Wilson's principal, Pete Cahall, recently made headlines when he came out at the school's Pride Day event. Now he's in the news for another reason: he sent a letter to the DC Council announcing he'd been fired. Although he said he wasn't going to fight the decision, he listed what he saw as his accomplishments at the school—including raising test scores.
DCPS evaluates principals based on a number of factors in addition to test scores. And in accordance with its general policy of silence on personnel decisions, the agency hasn't explained why Cahall was fired. But let's assume Cahall's explanation is accurate. Given that Wilson's test scores are the highest of any DCPS high school that doesn't require students to submit applications, many may be wondering where Cahall fell short.
Wilson's achievement gap
Most likely, the answer is that he failed to significantly boost scores for low-income and minority students at the school. For the 2012-13 school year, proficiency rates on DC's standardized tests, the DC CAS, were 90% for white students and only about 47% for black students. There are marked disparities in proficiency rates between whites and Hispanic, special education, and low-income students as well.
As a result, the Office of the State Superintendent of Education has classified Wilson as a Focus school under federal guidelines. Focus schools are schools that have large achievement gaps between specific groups of students and get special monitoring and professional development. There are 20 DCPS schools in that category, but Wilson is the only high school. Deal Middle School, Wilson's main feeder school, is not in the Focus category.
Wilson, located in Ward 3, has more affluent and white students than any other neighborhood high school in DC. But it's still pretty diverse. Its enrollment is 46% black, 17% Hispanic, and 31% low-income. Students who live outside its boundaries make up 46% of its student body.

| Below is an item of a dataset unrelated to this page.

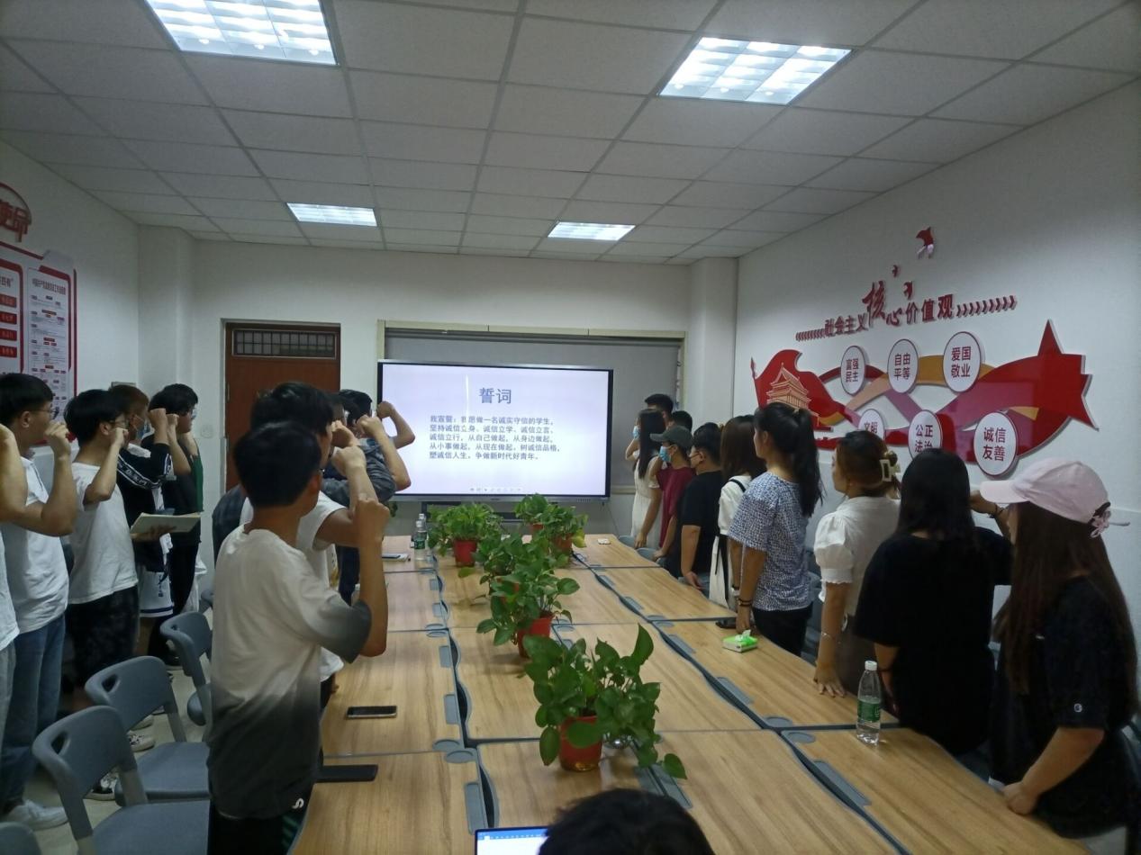 “我郑重承诺,严格遵守国家规定,恪守诚信道德规范……”315教室内宣誓声响彻云霄,在学生代表翟战雨的带领下,同学们共同进行了“诚信还贷”宣誓。誓言铿锵有力,表明了同学们坚定的决心与信念。

In his letter to the DC Council, Cahall pointed out that scores for Wilson's African-American students increased last year: the proficiency rates for that group went up from 45% to 58% in math and from 49% to 61% in reading, according to the DCPS website. (Last year's scores for low-income students at Wilson aren't available yet.)
Perhaps DCPS just didn't think that progress was enough. But it's also possible that other factors entered into its decision. While many commenters on the DC Urban Moms and Dads forum expressed disappointment at Cahall's departure, others had complaints. Some didn't like the way he handled a robbery spree at the school last month, and several felt he wasn't moving the school forward academically.
Two Wilsons
While the specifics of Cahall's firing aren't entirely clear, many have observed that for years there have essentially been two Wilsons: one for affluent white students, most of whom live within the school's boundaries, and another for low-income minority students, many of whom come from other parts of the District.
The first group can get a pretty good education at Wilson, but the others often don't get the attention they need. Maybe DCPS hopes that firing Cahall will move the school in the direction of making the Wilson experience the same for students at all income levels. Is that possible?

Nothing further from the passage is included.